Мамардашвили сейчас изучает культуру Вены до Первой мировой и искренне считает, что единственный шанс для Грузии и других республик цивилизоваться – это выйти из состава СССР. Но он не понимает, что это путь не к цивилизации, а наоборот к одичанию. Что только в большой стране, возможно то существование интеллигенции, и тот объем интеллектуальной работы, который проделывается сейчас. После развала денег на науку просто не будет, а на место культуры придет "Кто не скачет тот москаль". Табор в центре столицы, именуемый майдан – это и есть самое что ни на есть наглядное выражение культурной деградации.

С этим надо бороться на уровне интеллигенции, придумывать новые смыслы, говорить с людьми, разъяснять – без этого все остальное, как укрепление армии, появление единой, общесоюзной политики – это все будет впустую.

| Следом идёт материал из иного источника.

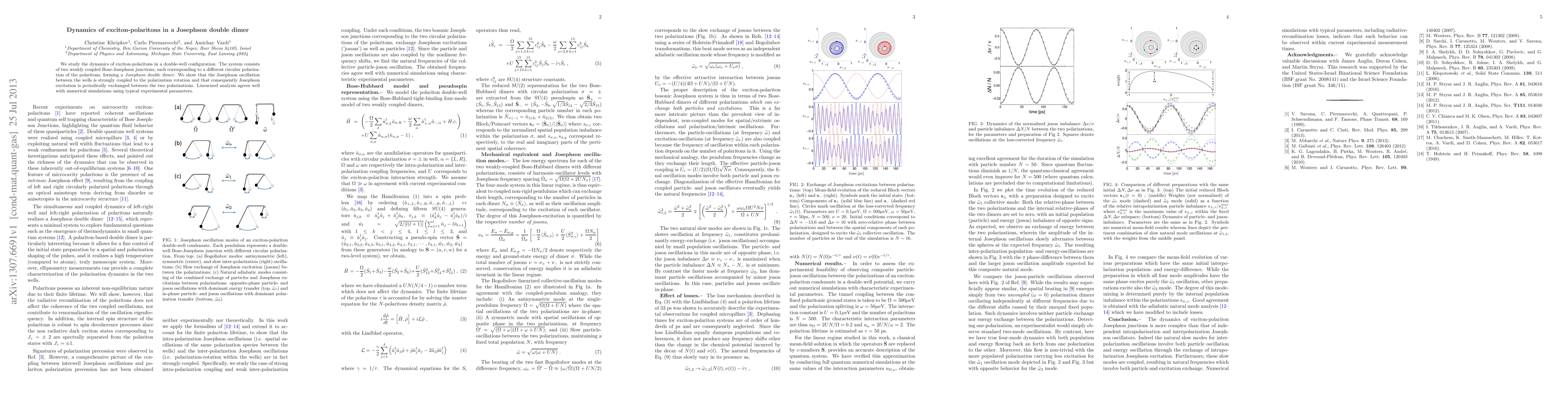 This paper investigates the dynamics of exciton-polaritons in a Josephson double dimer, revealing strong coupling between Josephson oscillations and polarization rotation, leading to periodic exchange of Josephson excitations between different polarizations. Numerical simulations corroborate the findings with typical experimental parameters.
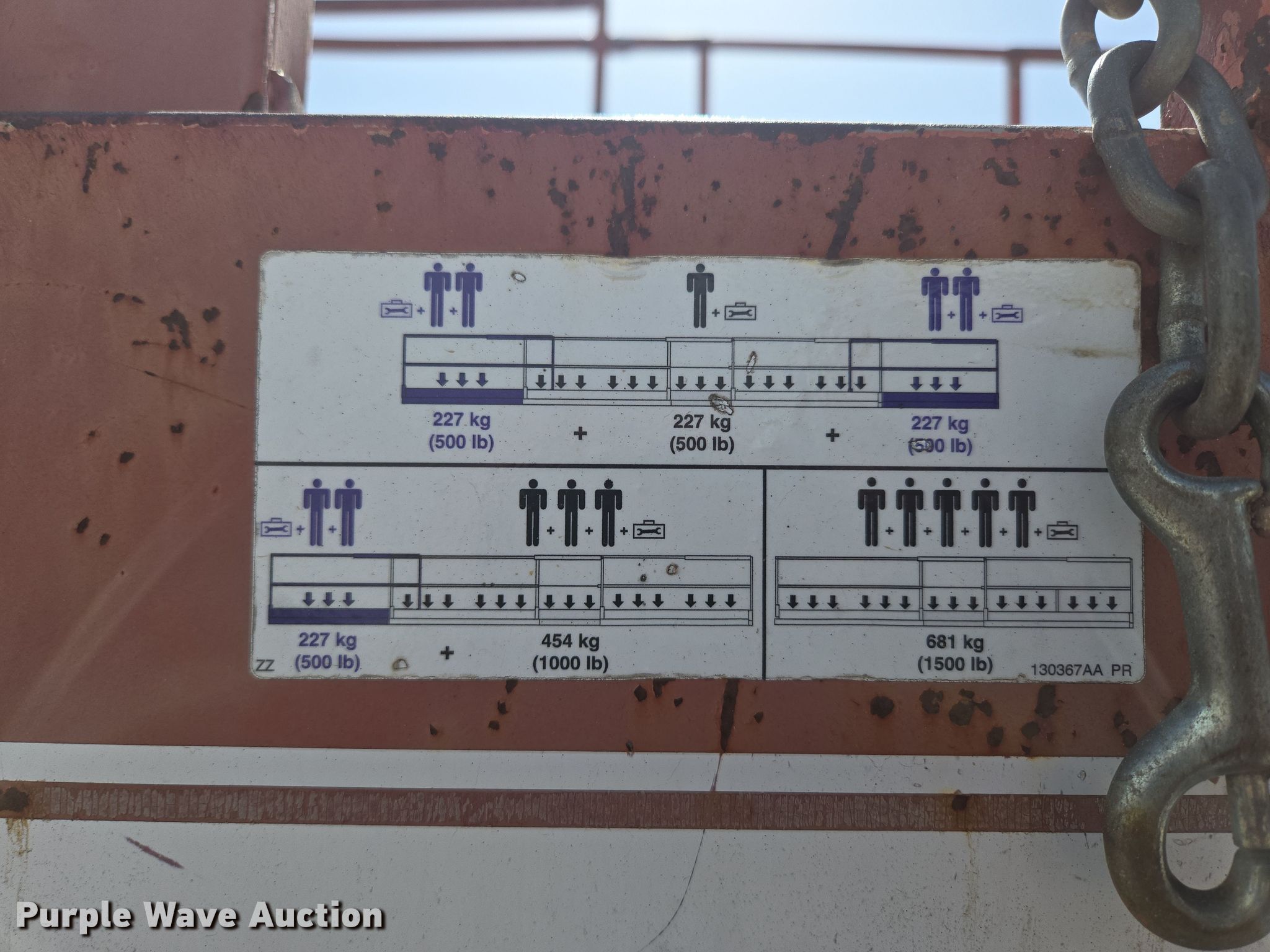 Skyjack SJ 8841 scissor lift. Serial: 42756. Engine Ford VSG-413I-6005-BE, Serial: 01-03-002776, Cylinders: 4, Fuel type: Dual fuel. Features Maximum lift capacity: 1,500 lbs, Maximum lift height: 41', Platform: 136" L x 71" W, AC power outlet, Controls: Platform, Ground, Platform extensions: Manual. Tires Tire size: 10-16.5 NHS. Notes Engine issues, cuts out under load , Unknown operating condition of LPG fuel system. Seymour, MO 65746

Поймет ли меня Мераб Мамардашвили? Не знаю. Но попытаться я должен.

Москва,

Центральная клиническая больница

Четвёртого главного управления при Министерстве здравоохранения СССР

22 февраля 1985 года

А в это время – в Центральной клинической больнице, под неусыпным надзором врачей – медленно умирал человек. Он знал что он умирает и осталось недолго. Не знал он того что вместе с ним – умирает и целая эпоха.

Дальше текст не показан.